EPA Cannot Retrieve Text Message Content

New “Deprovisioning Process” for Employees to “Wipe” Mobile Devices

 

Washington, DC — The public is unable to obtain text messages to and from U.S. Environmental Protection Agency (EPA) staff through the Freedom of Information Act (FOIA), according to Public Employees for Environmental Responsibility (PEER). Compounding this lack of transparency, this week, EPA directed much of its staff to “wipe” their official mobile devices before leaving the agency or receiving new phones.

PEER is trying to obtain the text messages of a senior official who abruptly announced her retirement while under investigation by the Inspector General (IG) regarding complaints that she had tampered with risk assessments for new chemicals. PEER filed an appeal after an agency official denied the groups’ FOIA request on the basis that –

“Currently, EPA doesn’t have the capability to retrieve the content of text messages.”

Effective this week, EPA has also imposed a “deprovisioning process” for its DC Headquarters and North Carolina Research Triangle offices, leaving the agency to wipe their mobile devices before turning them in. Employees are supposed to save “all records” but it is not specified where and how this should be done, nor who will check to ensure that departing employees do so. This policy is slated to be expanded agency-wide and will include an unspecified “Phase 2.”

“By shielding text messages, EPA opens a back channel for outside interests to surreptitiously influence public health decisions,” stated PEER Litigation and Policy Attorney Colleen Teubner, who is appealing the agency denial. “By law and EPA’s own policies, text messages concerning official business are public records and must be made publicly accessible.”

Over the past several months, PEER has lodged a series of complaints with EPA’s IG concerning a cadre of holdover chemical division managers who have overridden risk assessments and hazard determinations of staff scientists in ways that benefit industry.
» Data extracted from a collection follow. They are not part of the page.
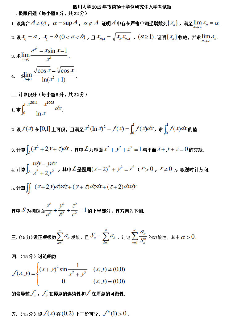 四川大学2000-2012年数学分析考研试题(15)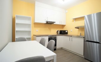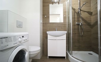 W pełni wyposażone - w obu pokojach znajdziemy wygodną rozkładaną kanapę narożną, szafkę RTV, komodę, regał oraz pakowną szafę z lustrem. Kuchnia wyposażona we wszystkie niezbędne sprzęty i akcesoria - lodówka, zamrażarka, piekarnik, płyta indukcyjna. W łazience prysznic, WC, umywalka, pralka.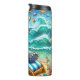 This whimsical illustration depicts a happy elephant on a tropical beach vacation. He is relaxing on a striped lounge chair, wearing a straw hat and sunglasses, and enjoying a colourful drink. The vibrant scene includes a beach umbrella, crashing ocean waves, and scattered seashells, creating a cheerful and fun summer-themed artwork.

PEER believes some managers are in regular contact with chemical industry representatives who track their products through EPA’s approval process.

Much of this lobbying takes place through text messages. The sheer volume of text messaging is striking. For example, one manager who has since returned to industry logged 1,719 texts over a little more than a two-year period, but EPA would produce only the area codes for all these messages.

“EPA should be capturing and retaining all of this text traffic, especially interactions with industry and other outside parties” added PEER Science Policy Director Kyla Bennett, a scientist and attorney formerly with EPA, noting that the agency has not formally rejected any new chemical since screening began under a 2016 law. “Without a strong dose of sunlight, this corpuscle of corruption will continue afflicting EPA and endangering public health.”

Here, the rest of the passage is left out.